Recently, however, the choir selected individual members to take on tour, and my daughter was not among them. As is her nature, she agonized over why. Was it her singing? She couldn’t be sure, of course, but she thought she compared favorably to students who had been asked to go. Could it be her level of commitment? No, she was sure she had worked very hard to be a responsible group member. Eventually, she got around to wondering if race had been a factor in who was selected. How could this be? Was it possible that the color of your skin made a difference after all?

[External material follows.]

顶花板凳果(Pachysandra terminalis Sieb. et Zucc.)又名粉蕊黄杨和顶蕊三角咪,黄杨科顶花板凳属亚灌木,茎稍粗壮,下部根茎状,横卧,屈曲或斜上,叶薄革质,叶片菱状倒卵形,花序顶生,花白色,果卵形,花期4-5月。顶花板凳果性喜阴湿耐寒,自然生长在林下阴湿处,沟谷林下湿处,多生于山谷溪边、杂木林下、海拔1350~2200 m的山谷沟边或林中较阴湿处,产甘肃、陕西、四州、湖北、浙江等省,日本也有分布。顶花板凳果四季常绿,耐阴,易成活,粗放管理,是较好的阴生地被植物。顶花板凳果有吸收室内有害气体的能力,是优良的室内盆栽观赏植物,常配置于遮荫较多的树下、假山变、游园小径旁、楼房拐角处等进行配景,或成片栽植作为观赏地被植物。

Maybe, I told her. But maybe not. You’ll never know unless you ask, I said. She said she couldn’t. She didn’t want to appear whiny, or worse, as if she felt entitled. I reminded her that blacks regularly confront not knowing whether they have been turned down, or out, or away because of their skin color. My daughter wasn’t consoled. Well, what if it’s true? I asked. I reminded her that she’s pro-affirmative action, and that there are times when racial accommodations make sense for the good of the group, or the individual, or the goal. Still, no consolation. Finally, I joked that if the goal was to showcase a gospel choir, just how many blue-eyed blondes do you need? She didn’t laugh.

I tried another tack. History. Not African-American history, but mine.

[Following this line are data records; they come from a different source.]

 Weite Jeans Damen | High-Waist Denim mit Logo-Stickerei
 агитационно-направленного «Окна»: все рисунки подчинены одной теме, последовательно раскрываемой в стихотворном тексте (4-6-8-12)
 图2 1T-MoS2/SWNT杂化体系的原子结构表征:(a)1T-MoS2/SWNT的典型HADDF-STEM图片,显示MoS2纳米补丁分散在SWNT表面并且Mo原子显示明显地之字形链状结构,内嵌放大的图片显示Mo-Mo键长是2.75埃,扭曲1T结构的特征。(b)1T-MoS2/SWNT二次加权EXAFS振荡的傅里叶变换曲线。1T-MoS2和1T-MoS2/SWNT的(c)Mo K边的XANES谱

There were many lessons I had to learn as a young white teacher working with black children and their families on Chicago’s South Side. They were different from what my daughter is trying to figure out, of course, as they are different again from what my education students, most of whom are white, are trying to learn as future teachers in New York City, where an overwhelming majority of children and their families do not look like them. The one common thread that runs across the years and the venues, however, is the need to acknowledge that being white in a conversation is not the same as being black. This doesn’t mean one perspective always trumps the other. It only means that we’ve got to be unsparingly honest about what’s at stake for both parties.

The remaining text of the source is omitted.